◆ Exercise details: Any picture in the data below should be skipped, while every line is repeated exactly.

◆ Dataset section:
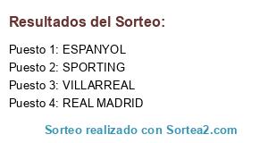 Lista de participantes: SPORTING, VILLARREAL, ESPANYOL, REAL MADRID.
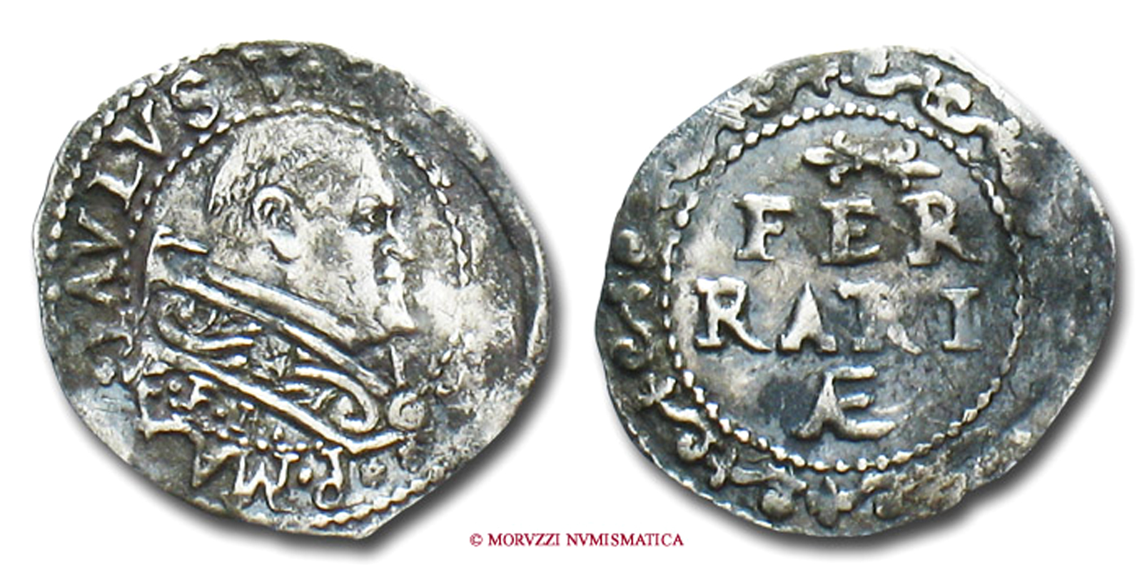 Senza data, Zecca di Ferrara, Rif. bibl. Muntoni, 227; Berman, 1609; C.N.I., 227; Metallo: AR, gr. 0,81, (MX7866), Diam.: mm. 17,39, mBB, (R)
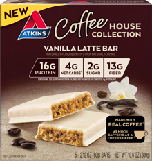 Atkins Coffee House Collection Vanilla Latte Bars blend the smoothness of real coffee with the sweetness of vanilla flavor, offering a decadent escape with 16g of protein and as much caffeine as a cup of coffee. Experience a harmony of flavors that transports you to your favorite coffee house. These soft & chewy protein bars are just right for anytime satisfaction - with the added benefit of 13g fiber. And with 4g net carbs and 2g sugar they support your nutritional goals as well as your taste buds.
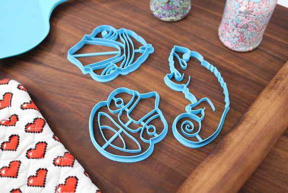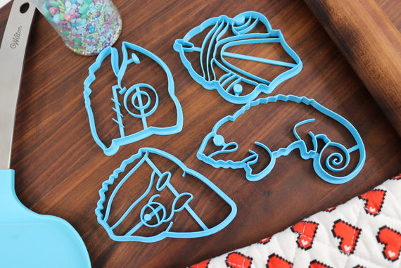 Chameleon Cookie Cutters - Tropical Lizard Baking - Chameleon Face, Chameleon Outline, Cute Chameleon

◆ Solution to this exercise:
 Lista de participantes: SPORTING, VILLARREAL, ESPANYOL, REAL MADRID.
 Senza data, Zecca di Ferrara, Rif. bibl. Muntoni, 227; Berman, 1609; C.N.I., 227; Metallo: AR, gr. 0,81, (MX7866), Diam.: mm. 17,39, mBB, (R)
 Atkins Coffee House Collection Vanilla Latte Bars blend the smoothness of real coffee with the sweetness of vanilla flavor, offering a decadent escape with 16g of protein and as much caffeine as a cup of coffee. Experience a harmony of flavors that transports you to your favorite coffee house. These soft & chewy protein bars are just right for anytime satisfaction - with the added benefit of 13g fiber. And with 4g net carbs and 2g sugar they support your nutritional goals as well as your taste buds.
 Chameleon Cookie Cutters - Tropical Lizard Baking - Chameleon Face, Chameleon Outline, Cute Chameleon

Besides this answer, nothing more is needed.